Lors d’un entretien à Radio Cooperativa, l’avocat de la famille Frei, Nelson Caucoto, s’est dit satisfait qu’en première instance la mort de Frei ait été reconnue comme un homicide, mais il est confiant que l’appel devant les tribunaux supérieurs permettront de prouver qu’il ne s’agit pas d’un délit commun mais d’une opération criminelle planifiée et exécutée par l’État. «Il y a eu deux expertises disant que de très petites quantités de thallium et de gaz moutarde, espacées dans le temps, se sont mêlées pour affaiblir les défenses immunitaires du président Frei, a expliqué à RFI l’avocat de sa fille, Nelson Caucoto. Il est ensuite tombé dans un état grave en décembre 1981 et ne s’est jamais remis d’un choc septique.»

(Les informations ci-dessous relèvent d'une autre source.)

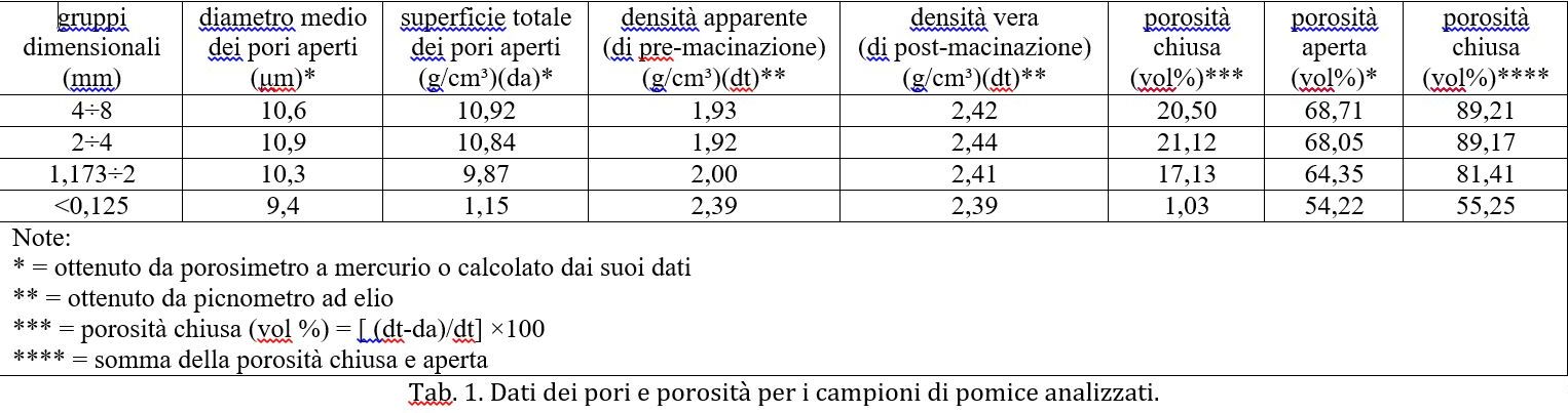 Nel presente studio, la variazione della dimensione dei pori, la distribuzione e la quantità di pori aperti/chiusi di vari campioni di pomice secondo le loro frazioni dimensionali sono state esaminate mediante microscopia elettronica a scansione (SEM), picnometria ad elio e porosimetria a intrusione di mercurio (rif. [4], ove è descritta anche la preparazione dei campioni).

Contrairement à ce qu’on présumait et à la thèse des plaignants, le juge n’a pas pu désigner ce crime d’homicide qualifié. Cependant, la résolution rend compte amplement des circonstances qui ont entouré la mort de l’ex-président : présence de personnel étranger à l’équipe médicale et de la clinique où il devait subir une intervention. Parmi eux, deux médecins liés à la CNI (police politique de la dictature) ou à l’armée. Une réintervention chirurgicale injustifiée, des autopsies non sollicitées par la famille, l’ingestion de substances expérimentales ainsi que des poursuites en voiture et des écoutes téléphoniques de la famille Frei s’ajoutent à cela.

Des faits anormaux dans le contexte d’élimination des opposants au régime : le leadership de l’ex-président Frei était devenu une menace pour le gouvernement de Pinochet. Le juge parvient à la conclusion que la mort d’Eduardo Frei Montalva n’a pu être que délibérée, même s’il n’a pas pu prouver l’existence d’ordres directs, de préméditation ou d’utilisation de venin. C’est tout le paradoxe de cette résolution à laquelle la famille souhaite trouver une réponse en appel devant les tribunaux supérieurs.

En effet, c’est en compagnie de ses avocats Nelson Caucoto et Francisco Ugás que Carmen Frei, la fille, s’est présentée dans le bureau d’Alejandro Madrid, le juge chargé de cette affaire en première instance, pour demander la requalification du verdict en homicide qualifié.

À la sortie de ses bureaux, l’ancienne sénatrice Carmen Frei a affirmé devant la presse qu’un «délit si planifié, effectué avec autant de cruauté, doit avoir d’autres protagonistes». «Le juge a conclu que mon père a été assassiné et cela nous soulage, mais nous ferons appel.»

Eduardo Frei Montalva a gouverné le Chili pendant la période précédant l’élection du socialiste Salvador Allende. Au cours de son mandat, il a initié la réforme agraire et un certain nombre de réformes sociales dont la nationalisation partielle de la production de cuivre dans les années 1960.

«Eduardo Frei, à partir de 1980, lors de la campagne de la dictature pour consolider son influence au niveau constitutionnel, a été le grand promoteur d’une manifestation nationale contre la nouvelle Constitution, poursuit Nelson Caucoto. Il est devenu la principale figure d’opposition, et donc le principal objectif à abattre par la dictature de Pinochet, avec le dirigeant syndical Tucapel Jiménez –également assassiné par la dictature.»

Pour les partis de gauche et du centre, ce crime avéré est une nouvelle remise en cause de ceux qui, encore aujourd’hui, revendiquent la figure du dictateur et se positionnent comme une partie de la diversité de la droite chilienne : «il est temps que les complices passifs assument leurs responsabilités», ont-ils déclaré.